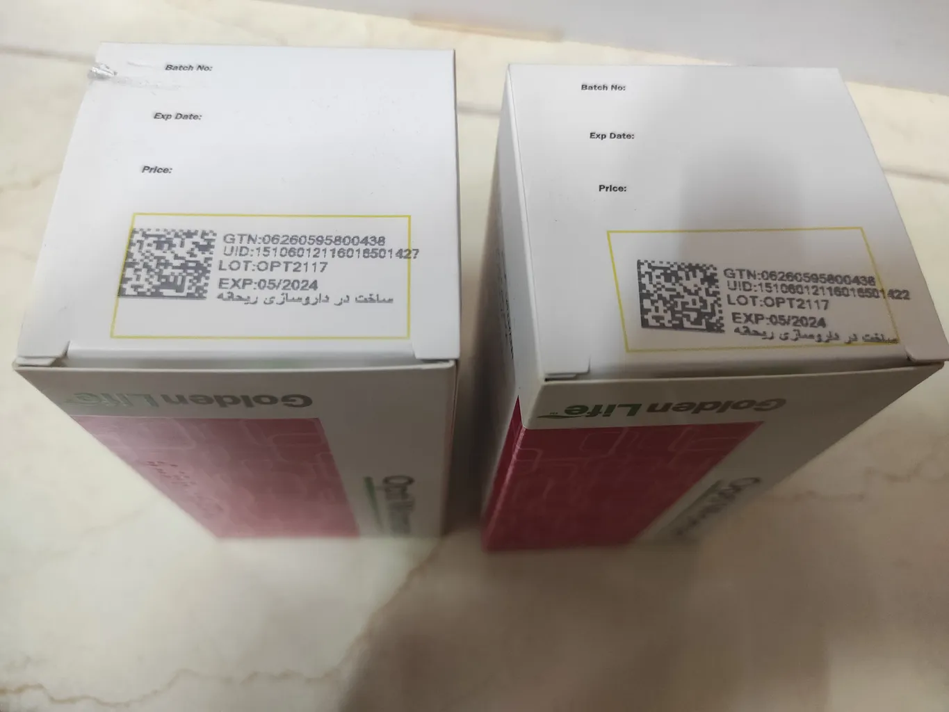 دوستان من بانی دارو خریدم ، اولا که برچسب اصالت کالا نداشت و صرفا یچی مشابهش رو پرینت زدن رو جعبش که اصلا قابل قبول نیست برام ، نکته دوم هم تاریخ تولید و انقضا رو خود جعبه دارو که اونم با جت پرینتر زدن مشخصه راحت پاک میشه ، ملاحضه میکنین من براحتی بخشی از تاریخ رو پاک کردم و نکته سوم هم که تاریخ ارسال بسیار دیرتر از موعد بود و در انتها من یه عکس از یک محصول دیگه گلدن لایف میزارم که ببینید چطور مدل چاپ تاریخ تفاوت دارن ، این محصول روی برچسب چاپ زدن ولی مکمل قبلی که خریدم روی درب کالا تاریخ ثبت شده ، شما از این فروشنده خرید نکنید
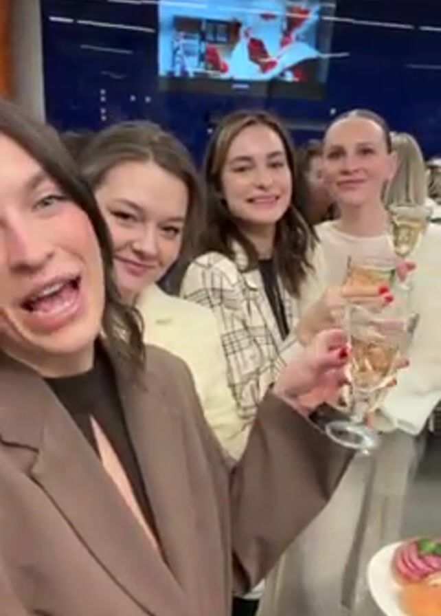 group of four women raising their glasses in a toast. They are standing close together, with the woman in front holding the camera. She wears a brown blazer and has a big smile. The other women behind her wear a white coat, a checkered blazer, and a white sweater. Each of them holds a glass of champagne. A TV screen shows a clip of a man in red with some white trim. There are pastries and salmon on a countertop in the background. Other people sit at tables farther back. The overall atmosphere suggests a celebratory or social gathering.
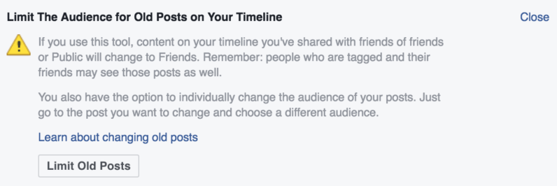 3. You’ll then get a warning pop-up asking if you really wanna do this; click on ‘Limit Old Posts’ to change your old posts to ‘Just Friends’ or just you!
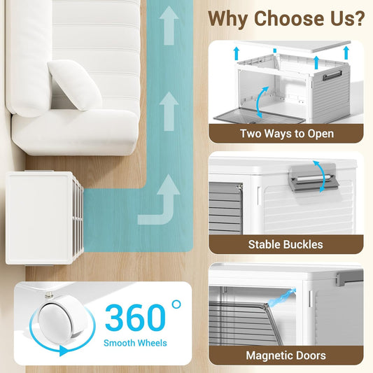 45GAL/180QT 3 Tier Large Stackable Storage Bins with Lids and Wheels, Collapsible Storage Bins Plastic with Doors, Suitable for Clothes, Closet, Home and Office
··········
• _Requirement_: With the pictures omitted, reproduce the data above exactly.

• _Exercise output_:
 دوستان من بانی دارو خریدم ، اولا که برچسب اصالت کالا نداشت و صرفا یچی مشابهش رو پرینت زدن رو جعبش که اصلا قابل قبول نیست برام ، نکته دوم هم تاریخ تولید و انقضا رو خود جعبه دارو که اونم با جت پرینتر زدن مشخصه راحت پاک میشه ، ملاحضه میکنین من براحتی بخشی از تاریخ رو پاک کردم و نکته سوم هم که تاریخ ارسال بسیار دیرتر از موعد بود و در انتها من یه عکس از یک محصول دیگه گلدن لایف میزارم که ببینید چطور مدل چاپ تاریخ تفاوت دارن ، این محصول روی برچسب چاپ زدن ولی مکمل قبلی که خریدم روی درب کالا تاریخ ثبت شده ، شما از این فروشنده خرید نکنید
 group of four women raising their glasses in a toast. They are standing close together, with the woman in front holding the camera. She wears a brown blazer and has a big smile. The other women behind her wear a white coat, a checkered blazer, and a white sweater. Each of them holds a glass of champagne. A TV screen shows a clip of a man in red with some white trim. There are pastries and salmon on a countertop in the background. Other people sit at tables farther back. The overall atmosphere suggests a celebratory or social gathering.
 3. You’ll then get a warning pop-up asking if you really wanna do this; click on ‘Limit Old Posts’ to change your old posts to ‘Just Friends’ or just you!
 45GAL/180QT 3 Tier Large Stackable Storage Bins with Lids and Wheels, Collapsible Storage Bins Plastic with Doors, Suitable for Clothes, Closet, Home and Office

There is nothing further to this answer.